Both the current Fed Chairman, Ben Bernanke, and his predecessor Alan Greenspan have strongly praised Stockton’s expertise and advice on economic matters. In addition to his responsibilities for directing longer-term research projects at the Fed, Stockton presents regular economic forecasts to the Federal Open Market Committee–the group of officials that regularly meets to decide Fed policies and actions that shape banking operations and interest rates in the U.S. and abroad. Stockton’s public service career continues a family tradition. David’s father, Ed Stockton served as Mayor of the Town of Bloomfield, and later was named Commissioner of Economic Development under Governors Ella Grasso and William O’Neill. The Stockton family’s New Jersey ancestor Richard Stockton signed the Declaration of Independence.

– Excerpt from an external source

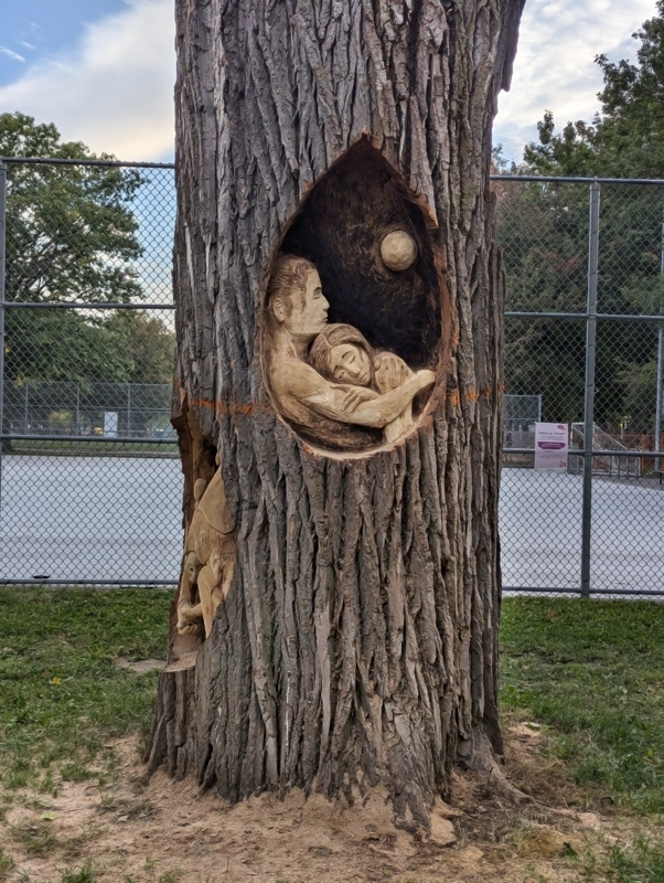 lucasbessedicaire-parclafontaine2509b 2025/12/27 602 × 800 Retrospective of 2025 murals and other painted street art Lucas Besse Dicaire relief sculpture on a tall tree stump in Parc Lafontaine

Stockton will be officially honored at an Alumni Association event in the South Campus Rome Hall Ballroom, on October 1, 2010. Earlier in the day, he will meet with Honors students and give a talk in the Department of Economics.

For more about this event, the UConn Alumni Association write-up about David Stockton and the list of the other award recipients of the day. The UConn Alumni Magazine also ran a story about David Stockton.

New class set to graduate

On Saturday May 8, 2010, a new class of students will walk in the commencement ceremonies and get well-deserved degrees. As there are no December ceremonies any more, the walking class in larger than usual. 212 students will be receiving the BA in Economics, of which 40 are double majors. Seven students will be graduating with Honors in Economics: Joseph Antelmi, Michael Bokoff, Taylor Brown, Charles Johnson, Bryan Murphy, Eric Roy, and William Watson. The Economics major is very popular on campus, in previous years it has been the third most sought after. Note also that among all Economics degree granting institutions in the United States, the University of Connecticut ranks 26th by the number of degrees conferred last year.

We also have a graduating class in our graduate programs. Are graduating with a MA: Jay Adams, Demet Cimen, Amy Druckenmiller, Elnara Eynullayeva, Elizabeth Kaletski, Xingkang Liu, Xiaoyin Shen, Rijesh Shrestha, Li Wang, Menxi Ying and He Zang. And with a PhD: Lei Chen, Onur Burak Celik, Marina-Selini Katsaiti, Monica Lopez-Anuarbe, Zinnia Mukherjee and Natalya Shelkova.